• **Problem requirements**: Could you give back exactly the lines below from the one with "名古屋帯 秀品 八寸名古屋帯 松葉仕立て 幾何学模様 金糸 薄黄土色 正絹の検索結果" through the one with "9月17日上午,学校在湖光校", without a single picture?

• **Source material**:
::::

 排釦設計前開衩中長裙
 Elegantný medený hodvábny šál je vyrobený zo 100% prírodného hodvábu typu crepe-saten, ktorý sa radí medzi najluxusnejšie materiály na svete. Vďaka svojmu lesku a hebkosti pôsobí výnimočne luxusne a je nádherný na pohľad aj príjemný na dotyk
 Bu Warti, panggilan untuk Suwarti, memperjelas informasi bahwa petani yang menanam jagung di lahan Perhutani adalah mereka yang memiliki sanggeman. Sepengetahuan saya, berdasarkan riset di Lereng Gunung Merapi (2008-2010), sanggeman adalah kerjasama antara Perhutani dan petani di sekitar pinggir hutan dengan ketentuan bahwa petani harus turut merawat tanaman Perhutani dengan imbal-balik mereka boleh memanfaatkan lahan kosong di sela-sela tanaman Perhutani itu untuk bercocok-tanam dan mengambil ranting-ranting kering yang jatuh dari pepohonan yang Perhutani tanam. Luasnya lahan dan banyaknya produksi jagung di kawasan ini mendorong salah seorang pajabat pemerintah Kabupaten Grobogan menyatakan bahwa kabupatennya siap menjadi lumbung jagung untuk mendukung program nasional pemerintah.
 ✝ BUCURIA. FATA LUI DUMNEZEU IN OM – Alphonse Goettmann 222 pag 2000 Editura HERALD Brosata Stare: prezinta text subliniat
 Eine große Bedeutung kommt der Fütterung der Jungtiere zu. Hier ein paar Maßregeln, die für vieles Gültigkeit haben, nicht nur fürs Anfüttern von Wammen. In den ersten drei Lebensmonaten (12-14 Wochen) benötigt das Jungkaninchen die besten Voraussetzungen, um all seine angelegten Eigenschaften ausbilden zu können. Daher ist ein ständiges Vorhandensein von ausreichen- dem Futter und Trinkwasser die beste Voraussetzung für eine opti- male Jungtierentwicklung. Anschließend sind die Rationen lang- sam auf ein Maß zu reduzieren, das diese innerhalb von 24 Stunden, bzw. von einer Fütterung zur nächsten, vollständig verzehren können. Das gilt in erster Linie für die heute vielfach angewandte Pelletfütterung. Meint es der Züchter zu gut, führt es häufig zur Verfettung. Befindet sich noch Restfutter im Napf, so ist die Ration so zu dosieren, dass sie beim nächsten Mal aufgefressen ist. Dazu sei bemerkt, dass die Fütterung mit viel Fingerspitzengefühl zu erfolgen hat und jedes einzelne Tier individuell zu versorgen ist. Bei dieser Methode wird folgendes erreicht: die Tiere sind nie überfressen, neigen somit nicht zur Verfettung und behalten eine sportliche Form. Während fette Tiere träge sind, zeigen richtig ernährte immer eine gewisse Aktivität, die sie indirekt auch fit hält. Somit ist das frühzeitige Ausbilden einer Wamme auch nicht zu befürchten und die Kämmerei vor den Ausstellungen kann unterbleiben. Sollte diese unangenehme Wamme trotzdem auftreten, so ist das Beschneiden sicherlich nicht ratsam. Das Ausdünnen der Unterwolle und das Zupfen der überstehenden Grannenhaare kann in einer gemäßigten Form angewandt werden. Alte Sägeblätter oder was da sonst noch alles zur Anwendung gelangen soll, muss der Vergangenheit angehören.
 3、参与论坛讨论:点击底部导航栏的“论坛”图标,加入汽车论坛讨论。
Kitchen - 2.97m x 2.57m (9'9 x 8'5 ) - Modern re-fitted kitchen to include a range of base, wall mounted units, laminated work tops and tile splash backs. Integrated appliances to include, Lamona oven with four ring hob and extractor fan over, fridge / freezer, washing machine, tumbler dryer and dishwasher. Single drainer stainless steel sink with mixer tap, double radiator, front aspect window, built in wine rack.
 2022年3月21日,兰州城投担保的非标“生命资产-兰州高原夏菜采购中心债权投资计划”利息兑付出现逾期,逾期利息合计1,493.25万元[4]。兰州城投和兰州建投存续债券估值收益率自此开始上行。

::::

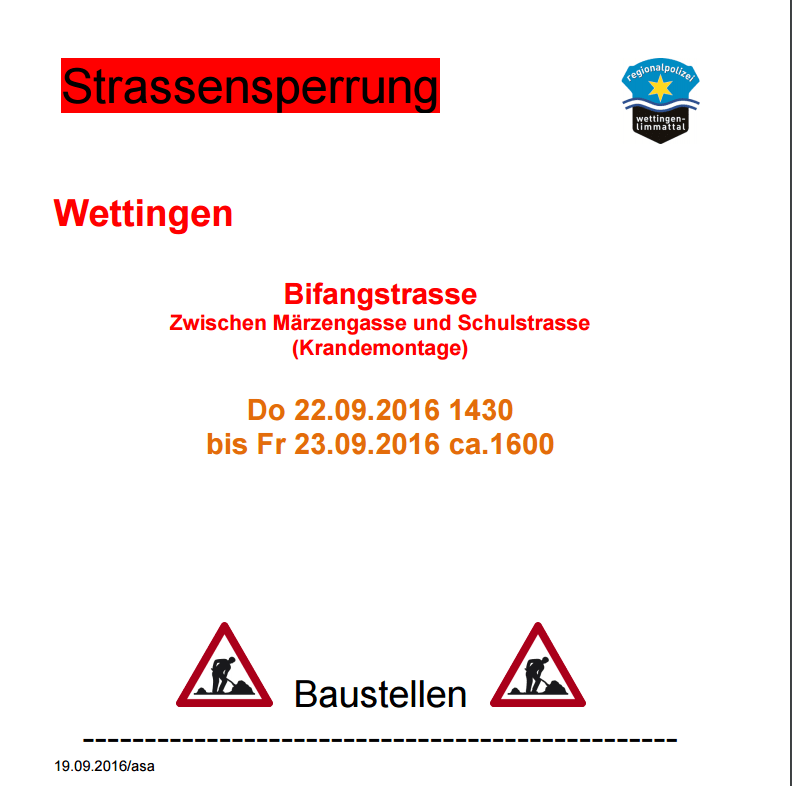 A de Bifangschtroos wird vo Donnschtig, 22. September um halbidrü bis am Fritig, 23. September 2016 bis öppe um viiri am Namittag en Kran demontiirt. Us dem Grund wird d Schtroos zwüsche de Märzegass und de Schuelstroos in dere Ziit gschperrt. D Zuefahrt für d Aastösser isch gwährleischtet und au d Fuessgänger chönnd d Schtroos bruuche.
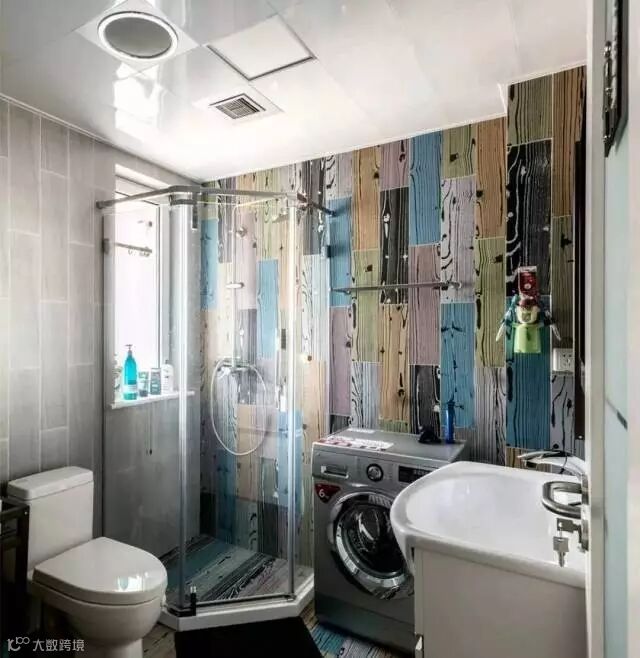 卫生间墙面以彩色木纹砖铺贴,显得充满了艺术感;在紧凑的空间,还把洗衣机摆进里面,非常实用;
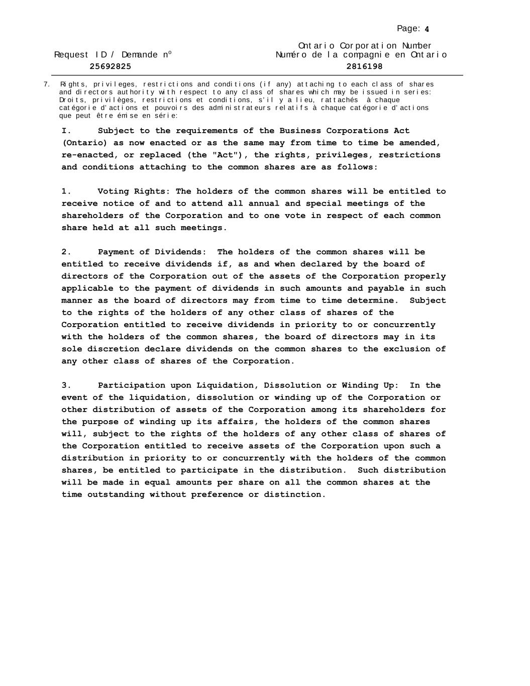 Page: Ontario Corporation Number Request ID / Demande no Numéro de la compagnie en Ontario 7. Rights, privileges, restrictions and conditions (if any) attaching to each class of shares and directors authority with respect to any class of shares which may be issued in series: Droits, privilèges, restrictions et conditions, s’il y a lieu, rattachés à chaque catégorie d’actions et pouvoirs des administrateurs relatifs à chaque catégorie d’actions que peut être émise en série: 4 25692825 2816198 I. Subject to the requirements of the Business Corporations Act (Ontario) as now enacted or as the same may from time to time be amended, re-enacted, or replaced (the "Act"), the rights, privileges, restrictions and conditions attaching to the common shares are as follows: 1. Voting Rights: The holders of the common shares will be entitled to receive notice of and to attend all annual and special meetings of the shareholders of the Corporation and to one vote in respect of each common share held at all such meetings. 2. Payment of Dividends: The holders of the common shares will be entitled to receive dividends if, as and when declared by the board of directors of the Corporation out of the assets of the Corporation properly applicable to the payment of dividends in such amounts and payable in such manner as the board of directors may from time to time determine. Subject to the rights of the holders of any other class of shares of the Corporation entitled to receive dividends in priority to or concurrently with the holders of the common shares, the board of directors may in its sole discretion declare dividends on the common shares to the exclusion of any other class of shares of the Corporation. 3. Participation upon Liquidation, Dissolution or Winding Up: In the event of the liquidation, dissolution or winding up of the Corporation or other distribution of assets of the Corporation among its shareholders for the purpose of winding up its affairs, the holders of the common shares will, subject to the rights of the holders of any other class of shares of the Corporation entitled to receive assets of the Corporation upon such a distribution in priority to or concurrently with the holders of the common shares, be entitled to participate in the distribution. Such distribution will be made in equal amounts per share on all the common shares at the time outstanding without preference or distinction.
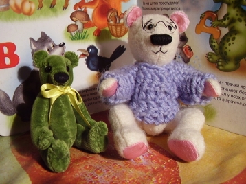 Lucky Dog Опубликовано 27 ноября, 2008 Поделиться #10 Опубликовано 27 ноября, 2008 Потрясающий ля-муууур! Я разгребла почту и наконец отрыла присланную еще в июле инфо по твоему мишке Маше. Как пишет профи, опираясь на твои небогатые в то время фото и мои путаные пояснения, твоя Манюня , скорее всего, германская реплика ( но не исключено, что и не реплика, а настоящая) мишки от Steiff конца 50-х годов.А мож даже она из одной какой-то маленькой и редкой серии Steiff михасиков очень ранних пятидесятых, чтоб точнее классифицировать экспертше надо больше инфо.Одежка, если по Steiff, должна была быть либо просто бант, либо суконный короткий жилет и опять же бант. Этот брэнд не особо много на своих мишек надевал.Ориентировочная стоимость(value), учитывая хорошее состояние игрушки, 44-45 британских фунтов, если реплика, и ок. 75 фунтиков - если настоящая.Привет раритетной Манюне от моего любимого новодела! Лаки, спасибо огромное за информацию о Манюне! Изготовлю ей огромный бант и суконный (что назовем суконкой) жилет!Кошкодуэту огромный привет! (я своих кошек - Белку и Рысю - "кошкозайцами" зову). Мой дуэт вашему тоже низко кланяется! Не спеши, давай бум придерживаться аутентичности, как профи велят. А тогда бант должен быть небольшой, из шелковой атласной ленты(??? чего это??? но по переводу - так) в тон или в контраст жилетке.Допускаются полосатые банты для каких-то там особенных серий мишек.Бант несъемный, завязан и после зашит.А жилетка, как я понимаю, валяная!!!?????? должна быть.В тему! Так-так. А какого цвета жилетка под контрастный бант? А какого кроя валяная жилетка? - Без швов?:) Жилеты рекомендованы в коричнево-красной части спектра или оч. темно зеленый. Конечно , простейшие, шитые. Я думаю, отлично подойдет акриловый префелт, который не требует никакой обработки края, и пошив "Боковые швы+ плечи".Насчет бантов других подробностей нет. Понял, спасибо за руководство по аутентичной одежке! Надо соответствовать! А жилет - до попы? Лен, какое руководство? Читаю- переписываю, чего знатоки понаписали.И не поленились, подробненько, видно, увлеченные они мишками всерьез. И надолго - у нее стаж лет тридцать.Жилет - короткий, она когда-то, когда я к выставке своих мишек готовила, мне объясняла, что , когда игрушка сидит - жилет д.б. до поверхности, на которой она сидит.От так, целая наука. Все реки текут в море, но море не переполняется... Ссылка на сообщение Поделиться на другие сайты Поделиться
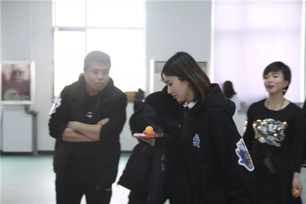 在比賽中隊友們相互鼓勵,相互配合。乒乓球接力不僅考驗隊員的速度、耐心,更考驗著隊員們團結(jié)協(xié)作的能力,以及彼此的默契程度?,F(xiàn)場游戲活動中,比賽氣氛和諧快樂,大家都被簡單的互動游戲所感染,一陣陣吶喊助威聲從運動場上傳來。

::::

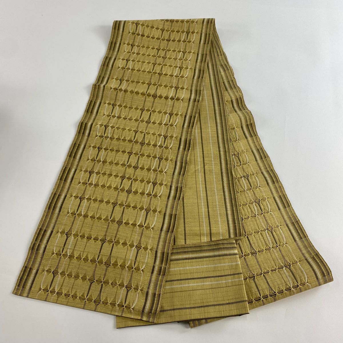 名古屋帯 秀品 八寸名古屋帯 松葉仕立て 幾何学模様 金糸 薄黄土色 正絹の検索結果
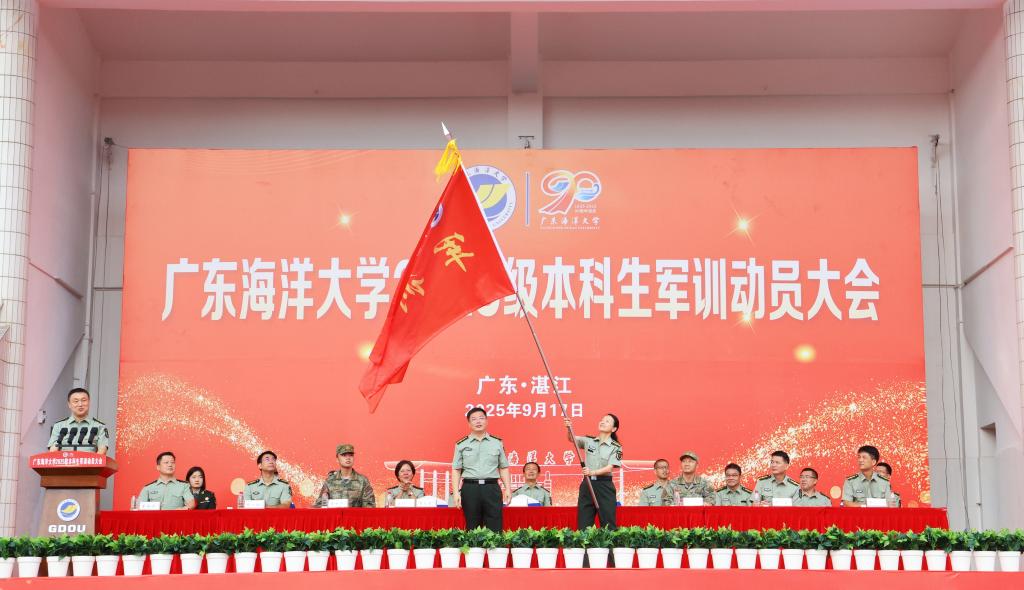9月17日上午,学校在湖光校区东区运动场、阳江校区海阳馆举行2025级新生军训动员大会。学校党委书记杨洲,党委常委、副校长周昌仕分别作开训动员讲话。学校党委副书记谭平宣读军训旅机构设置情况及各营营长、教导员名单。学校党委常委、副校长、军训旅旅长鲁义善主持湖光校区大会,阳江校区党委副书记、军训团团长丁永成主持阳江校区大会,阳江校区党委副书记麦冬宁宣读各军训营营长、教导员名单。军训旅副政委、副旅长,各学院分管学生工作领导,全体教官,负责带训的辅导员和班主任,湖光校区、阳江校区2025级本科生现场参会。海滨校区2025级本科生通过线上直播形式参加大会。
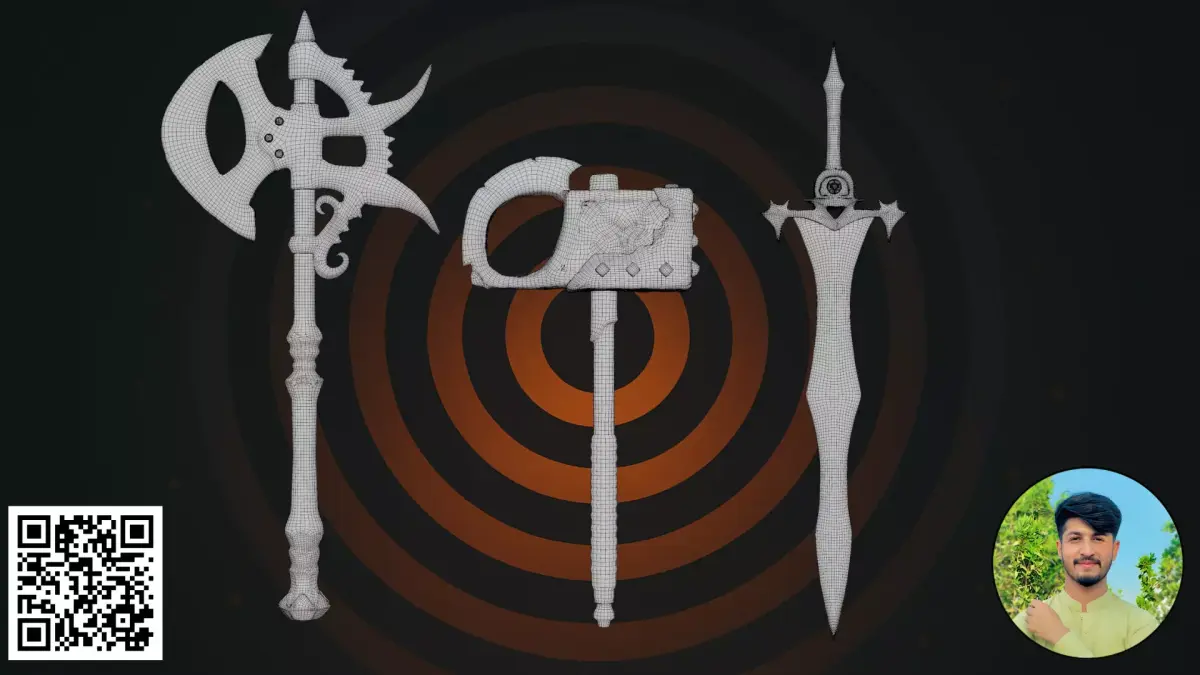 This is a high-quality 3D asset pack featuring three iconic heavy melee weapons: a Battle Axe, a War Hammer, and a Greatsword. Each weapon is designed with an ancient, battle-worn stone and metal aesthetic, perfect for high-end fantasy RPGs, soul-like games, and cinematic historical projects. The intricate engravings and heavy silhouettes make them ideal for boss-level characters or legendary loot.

::::

• **Answer section**:
 名古屋帯 秀品 八寸名古屋帯 松葉仕立て 幾何学模様 金糸 薄黄土色 正絹の検索結果
9月17日上午,学校在湖光校区东区运动场、阳江校区海阳馆举行2025级新生军训动员大会。学校党委书记杨洲,党委常委、副校长周昌仕分别作开训动员讲话。学校党委副书记谭平宣读军训旅机构设置情况及各营营长、教导员名单。学校党委常委、副校长、军训旅旅长鲁义善主持湖光校区大会,阳江校区党委副书记、军训团团长丁永成主持阳江校区大会,阳江校区党委副书记麦冬宁宣读各军训营营长、教导员名单。军训旅副政委、副旅长,各学院分管学生工作领导,全体教官,负责带训的辅导员和班主任,湖光校区、阳江校区2025级本科生现场参会。海滨校区2025级本科生通过线上直播形式参加大会。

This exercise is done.